Assignment — What's needed is the listing below, repeated word for word with no pictures.

Information provided —
————
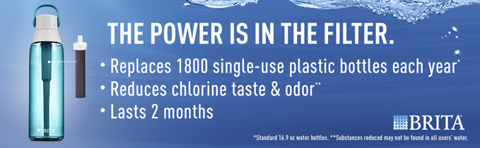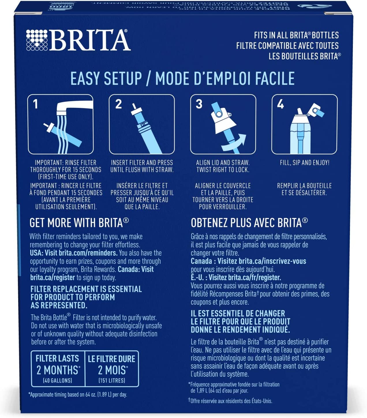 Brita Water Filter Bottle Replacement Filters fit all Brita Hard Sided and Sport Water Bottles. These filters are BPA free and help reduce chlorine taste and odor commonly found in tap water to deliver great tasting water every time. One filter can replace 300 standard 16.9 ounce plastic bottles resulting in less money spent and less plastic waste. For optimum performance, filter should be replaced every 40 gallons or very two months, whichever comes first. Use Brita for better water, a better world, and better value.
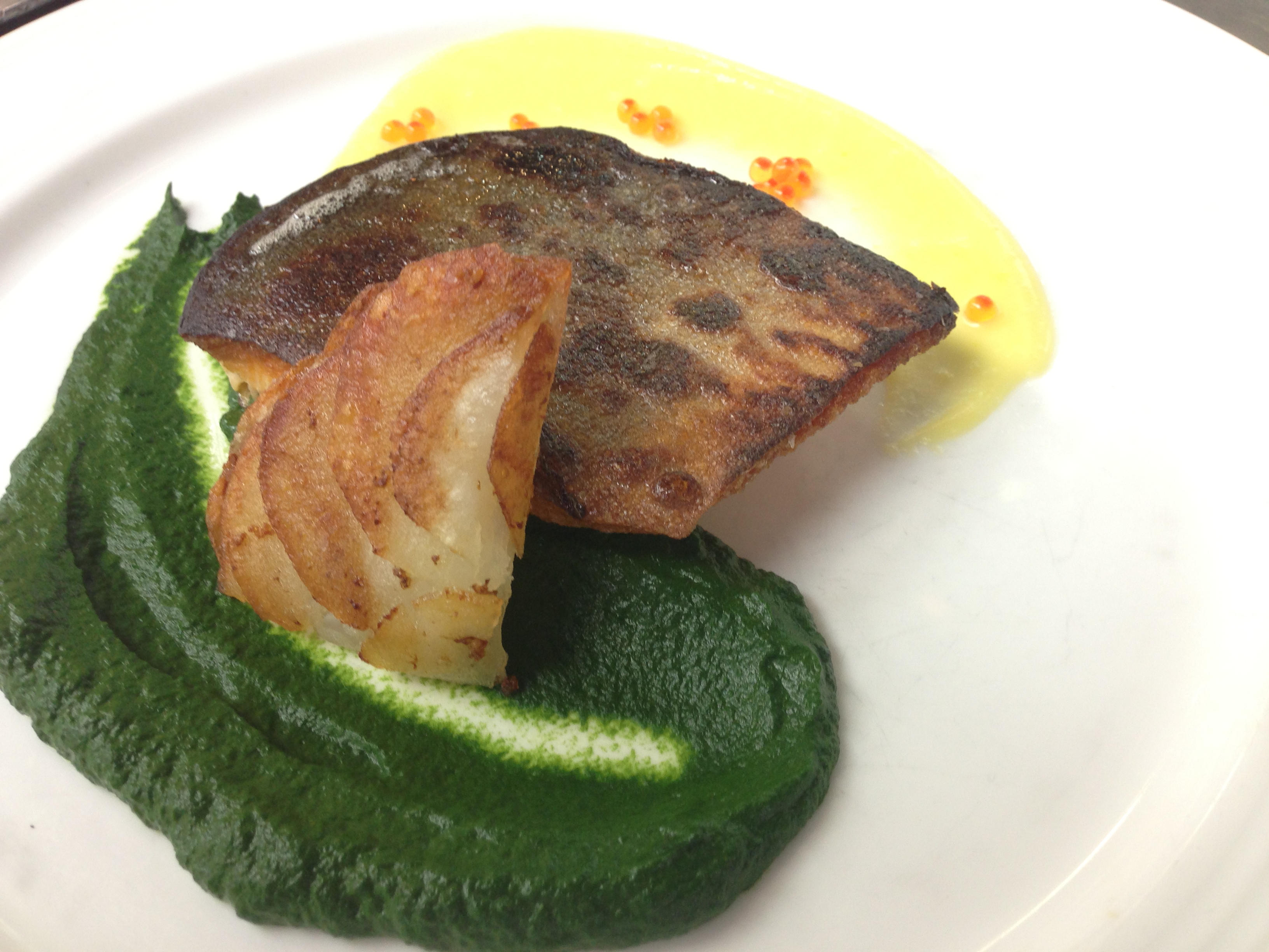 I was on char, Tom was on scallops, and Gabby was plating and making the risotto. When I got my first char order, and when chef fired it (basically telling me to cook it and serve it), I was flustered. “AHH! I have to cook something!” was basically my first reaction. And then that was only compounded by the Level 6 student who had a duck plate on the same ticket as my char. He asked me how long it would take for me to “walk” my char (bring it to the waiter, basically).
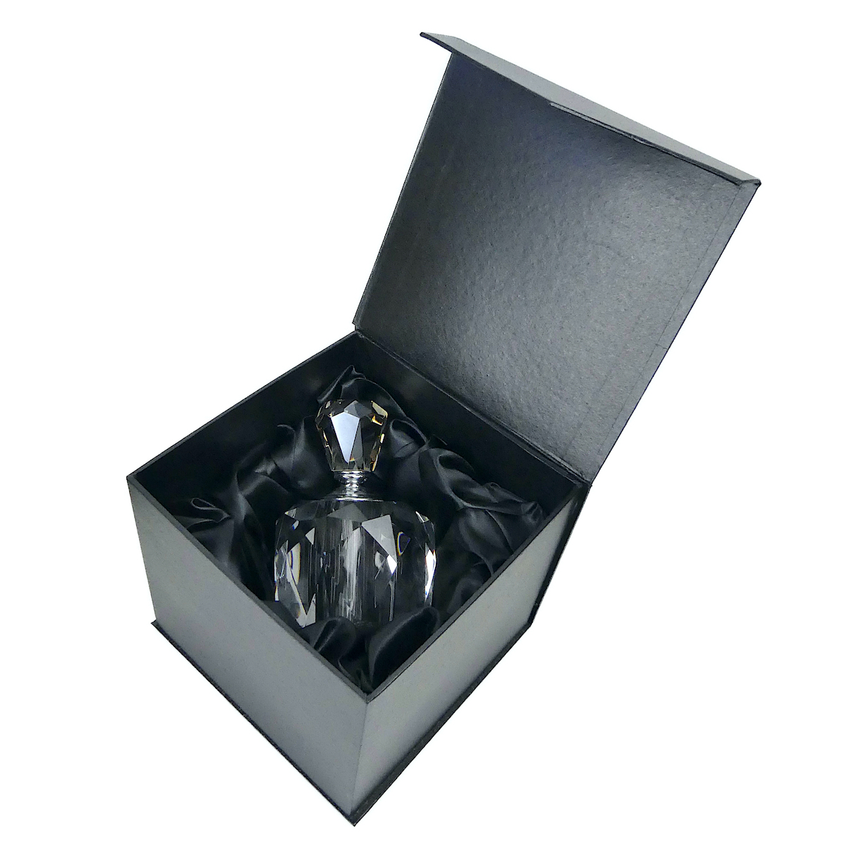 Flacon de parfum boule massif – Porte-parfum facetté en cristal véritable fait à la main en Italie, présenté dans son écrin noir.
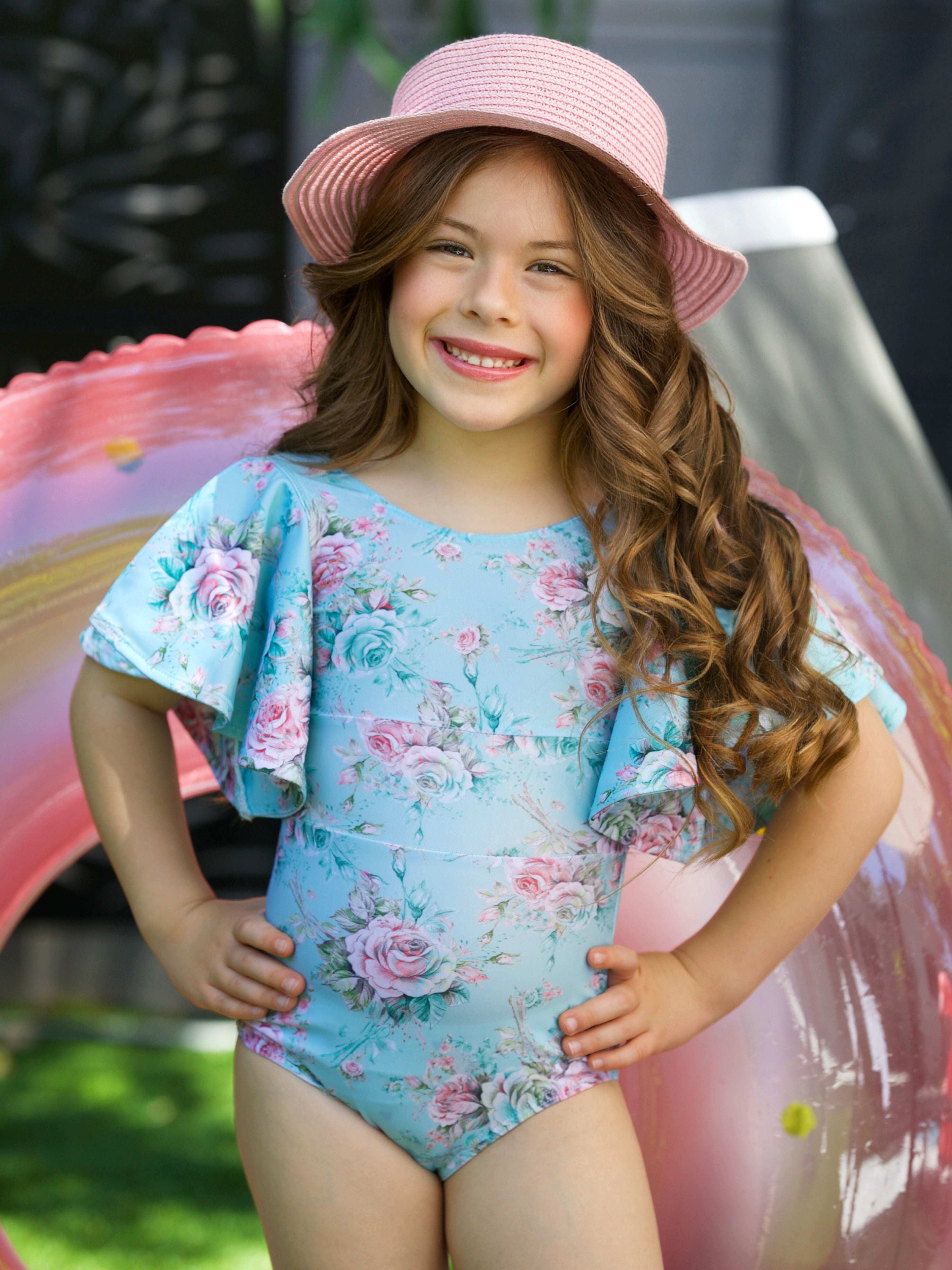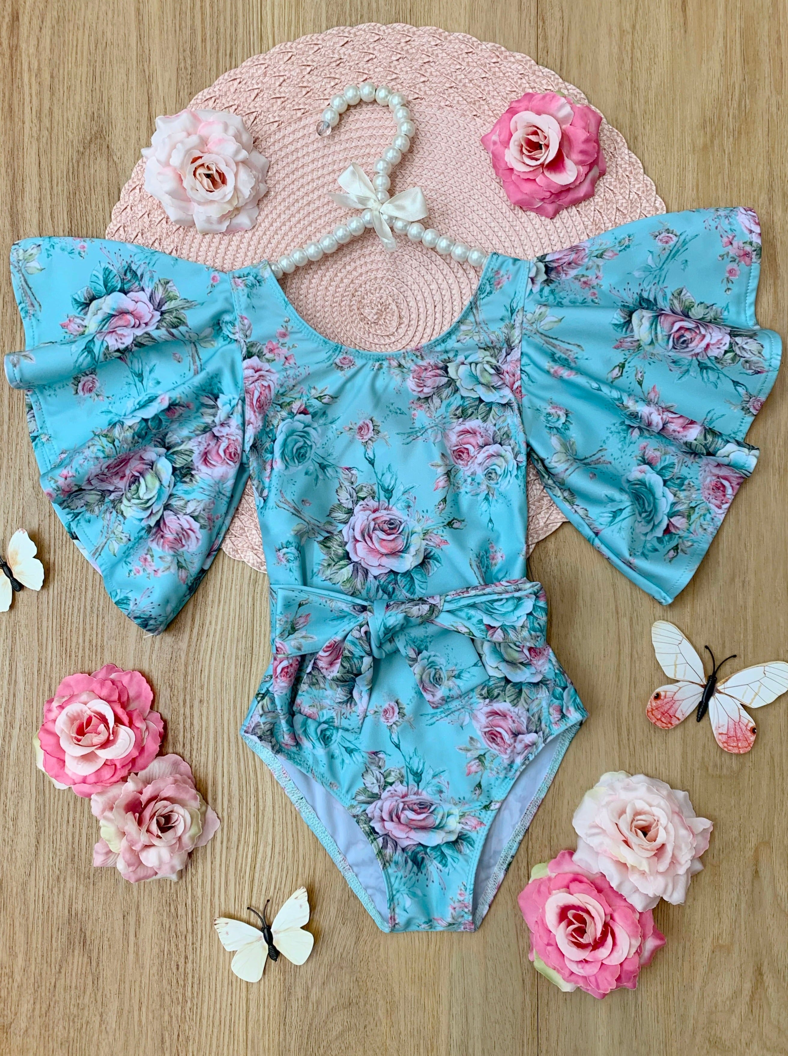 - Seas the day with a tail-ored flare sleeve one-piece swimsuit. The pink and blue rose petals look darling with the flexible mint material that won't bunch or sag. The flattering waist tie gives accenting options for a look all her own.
————
Your response —
 Brita Water Filter Bottle Replacement Filters fit all Brita Hard Sided and Sport Water Bottles. These filters are BPA free and help reduce chlorine taste and odor commonly found in tap water to deliver great tasting water every time. One filter can replace 300 standard 16.9 ounce plastic bottles resulting in less money spent and less plastic waste. For optimum performance, filter should be replaced every 40 gallons or very two months, whichever comes first. Use Brita for better water, a better world, and better value.
 I was on char, Tom was on scallops, and Gabby was plating and making the risotto. When I got my first char order, and when chef fired it (basically telling me to cook it and serve it), I was flustered. “AHH! I have to cook something!” was basically my first reaction. And then that was only compounded by the Level 6 student who had a duck plate on the same ticket as my char. He asked me how long it would take for me to “walk” my char (bring it to the waiter, basically).
 Flacon de parfum boule massif – Porte-parfum facetté en cristal véritable fait à la main en Italie, présenté dans son écrin noir.
 - Seas the day with a tail-ored flare sleeve one-piece swimsuit. The pink and blue rose petals look darling with the flexible mint material that won't bunch or sag. The flattering waist tie gives accenting options for a look all her own.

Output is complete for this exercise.